• What needs to be done: Exclude the pictures, and otherwise reproduce the data in full.

++++ Data block

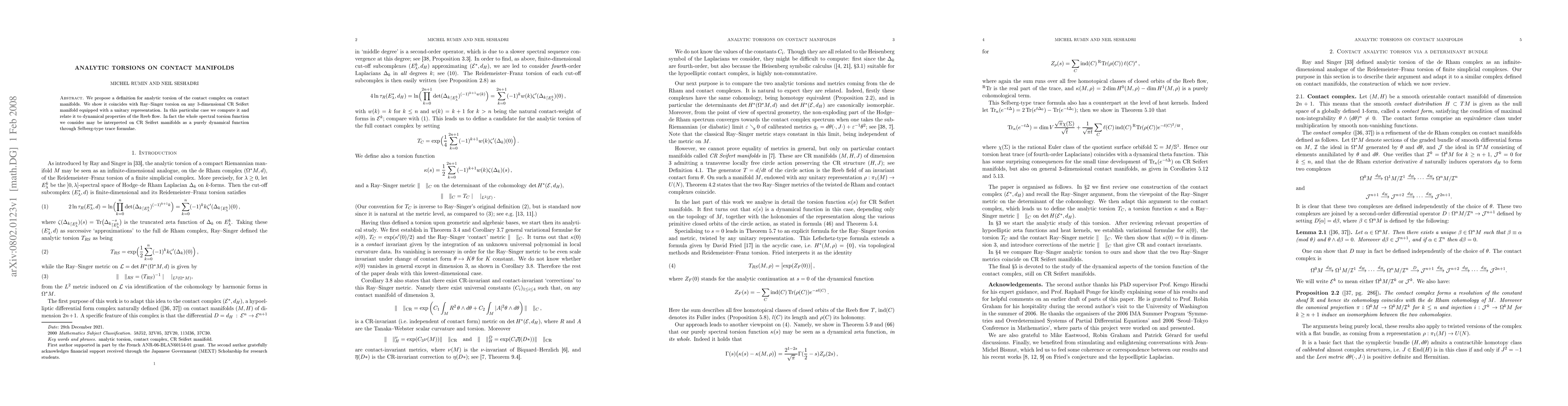 The paper introduces a novel definition and analysis of analytic torsion for the contact complex, extending existing theories to contact manifolds and demonstrating its relation to dynamical systems through the Reeb flow.
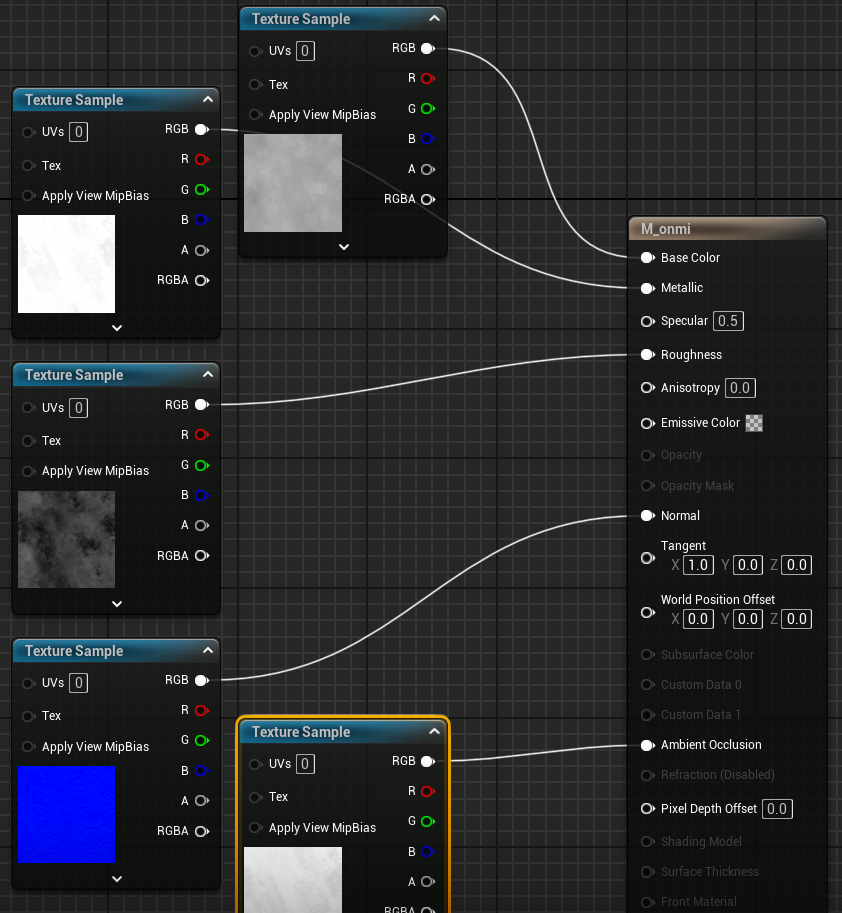 默认创建的材质是"Surface+Opaque+Default Lit",即最常用的不透明默认光照材质,右键搜索“TextureSample”创建纹理采样节点,或者直接从内容浏览器拖入纹理,连接一些常用的材质通道,应该是比较直观的
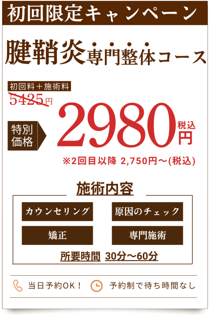 当院の腱鞘炎の専門技術最新設備負担が少なく継続しやすい施術と料金設定で、お客様のお悩みを解消します!!
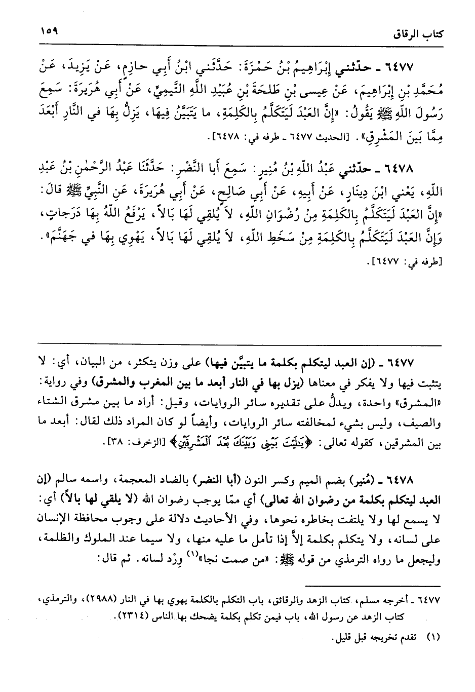 6478 - حَدَّثَنِى عَبْدُ اللَّهِ بْنُ مُنِيرٍ سَمِعَ أَبَا النَّضْرِ حَدَّثَنَا عَبْدُ الرَّحْمَنِ بْنُ عَبْدِ اللَّهِ - يَعْنِى ابْنَ دِينَارٍ - عَنْ أَبِيهِ عَنْ أَبِى صَالِحٍ عَنْ أَبِى هُرَيْرَةَ عَنِ النَّبِيِّ - صلى الله عليه وسلم - قَالَ «إِنَّ الْعَبْدَ لَيَتَكَلَّمُ بِالْكَلِمَةِ مِنْ رِضْوَانِ اللَّهِ لاَ يُلْقِى لَهَا بَالاً، يَرْفَعُ اللَّهُ بِهَا دَرَجَاتٍ، وَإِنَّ الْعَبْدَ لَيَتَكَلَّمُ بِالْكَلِمَةِ مِنْ سَخَطِ اللَّهِ لاَ يُلْقِى لَهَا بَالاً يَهْوِى بِهَا فِي جَهَنَّمَ». طرفه 6477

++++++++

• Worked solution:
 The paper introduces a novel definition and analysis of analytic torsion for the contact complex, extending existing theories to contact manifolds and demonstrating its relation to dynamical systems through the Reeb flow.
 默认创建的材质是"Surface+Opaque+Default Lit",即最常用的不透明默认光照材质,右键搜索“TextureSample”创建纹理采样节点,或者直接从内容浏览器拖入纹理,连接一些常用的材质通道,应该是比较直观的
 当院の腱鞘炎の専門技術最新設備負担が少なく継続しやすい施術と料金設定で、お客様のお悩みを解消します!!
 6478 - حَدَّثَنِى عَبْدُ اللَّهِ بْنُ مُنِيرٍ سَمِعَ أَبَا النَّضْرِ حَدَّثَنَا عَبْدُ الرَّحْمَنِ بْنُ عَبْدِ اللَّهِ - يَعْنِى ابْنَ دِينَارٍ - عَنْ أَبِيهِ عَنْ أَبِى صَالِحٍ عَنْ أَبِى هُرَيْرَةَ عَنِ النَّبِيِّ - صلى الله عليه وسلم - قَالَ «إِنَّ الْعَبْدَ لَيَتَكَلَّمُ بِالْكَلِمَةِ مِنْ رِضْوَانِ اللَّهِ لاَ يُلْقِى لَهَا بَالاً، يَرْفَعُ اللَّهُ بِهَا دَرَجَاتٍ، وَإِنَّ الْعَبْدَ لَيَتَكَلَّمُ بِالْكَلِمَةِ مِنْ سَخَطِ اللَّهِ لاَ يُلْقِى لَهَا بَالاً يَهْوِى بِهَا فِي جَهَنَّمَ». طرفه 6477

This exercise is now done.